Note: A summary of a recent NIAID meeting about long-term survivors and variations in response to HIV exposure and infection is included in NIAID's press kit for the IX International Conference on AIDS and is available from the NIAID Office of Communications.
"HIV-1 Infected Men With Stable CD4 Numbers." John P. Phair, M.D., Alvaro Munoz, Ph.D., Richard Kaslow, M.D., M.P.H., Barbara Visscher, M.D., Charles Rinaldo, Jr., Ph.D., and Joseph Margolick, M.D., of Northwestern University, Chicago, Ill.; The Johns Hopkins Medical Institutions, Baltimore, Md.; NIAID; University of Pittsburgh, Pa.; and University of California at Los Angeles.
Rapid Progression to AIDS Among HIV-Infected Men Poster, Tuesday, June 8, 11:30 a.m. (5:30 a.m. EDT)
Men who rapidly progress to AIDS after becoming infected with HIV have greater changes in their blood and immune systems than those who develop AIDS over a longer period, according to NIAID-supported researchers. These MACS findings suggest that the men have different responses to the virus than those of men with slower progression of disease, which if understood in detail could lead to improved therapy for AIDS.
For the investigation, scientists compared 448 MACS participants who became infected with HIV since 1984. The researchers grouped the men according to disease progression: 20 developed AIDS in less than three years; 24, in three to five years; 30, in more than five years; and 81 who have not developed AIDS in at least six years.
The men who developed AIDS in less than three years had the greatest decline in percent of lymphocytes and in CD4+ T cells. HIV targets and kills CD4+ T cells. These men and those who developed AIDS in three to five years had similar declines in platelets. AIDS-free men had the smallest declines in two proteins produced by immune system cells, neopterin and microglobins.
"Characteristics of Seroconverters Who Rapidly Progress to AIDS." Alfred Saah, M.D., M.P.H., N. Galai, John P. Phair, M.D., L. Park, Charles R. Rinaldo, Jr. Ph.D., Roger Detels, and the MACS, Johns Hopkins University, Baltimore, Md.

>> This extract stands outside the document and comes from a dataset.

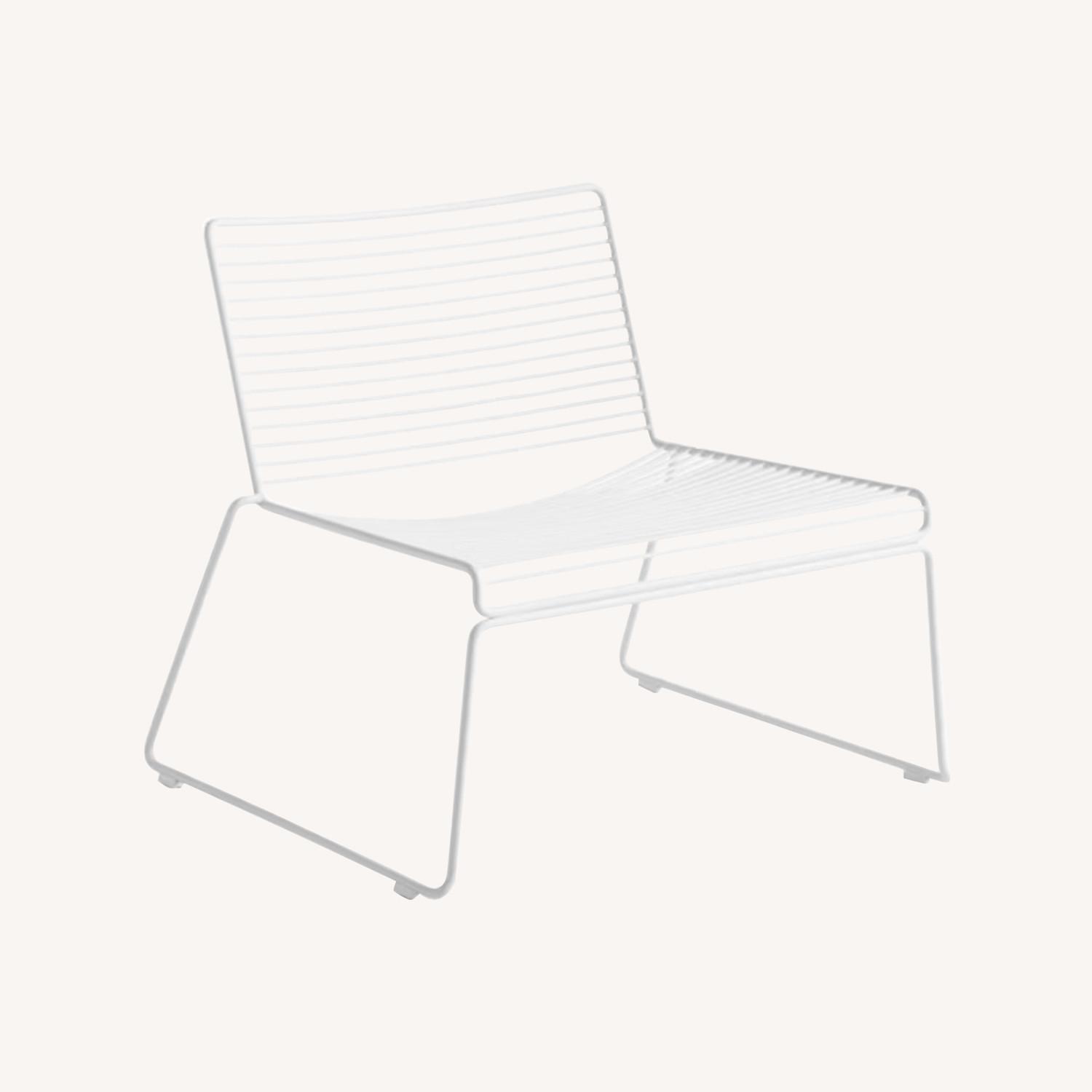 Inspired by an unlikely source – the wire shelves inside a refrigerator – designer Hee Welling created the Hee Collection (2004) for HAY. The durable powder-coated finish makes the Hee Lounge Chair suitable for indoor and outdoor use by protecting the solid steel underneath. It features a wide, welcoming seat and stacks for easy storage. Made in China.

Markers of AIDS-Free Time Poster, Tuesday, June 8, 11:13 a.m. (5:30 a.m. EDT)
Measurements of certain factors in the blood of HIV-infected men can help scientists determine the amount of AIDS-free time a person might have, according to NIAID-supported scientists.
In the MACS investigation, researchers examined four groups of HIV-infected men: those who became HIV-infected during MACS and developed AIDS in less than three years, those who became HIV-infected but did not develop AIDS after six years or more, those who entered the study with HIV infection but did not have any declines in the immune system cell, CD4+ T cell, which HIV targets and kills, and those already infected who have had a moderate drop in CD4+ T cells during the six years of follow-up.
The scientists found the HIV protein, p24, in only 17 percent of the men who did not develop AIDS compared to 55 percent of those who developed AIDS rapidly. Similarly, 10 percent of the men with stable CD4+ T cells had measurable p24 compared to 40 percent of those with moderate declines. Furthermore, AIDS-free men had higher levels of antibodies against p24. Measures of viral RNA confirmed the findings.
"Serologic Predictors of AIDS-Free Time and Markers of Progression to Disease: A MACS Report." Homayoon Farzadegan, Dennis Henrard, Cindy Black, Anne Voltz, Alfred Saah, John P. Phair, et al., Multicenter AIDS Cohort Study, Baltimore, Md., and Abbott Laboratories, Chicago, Ill.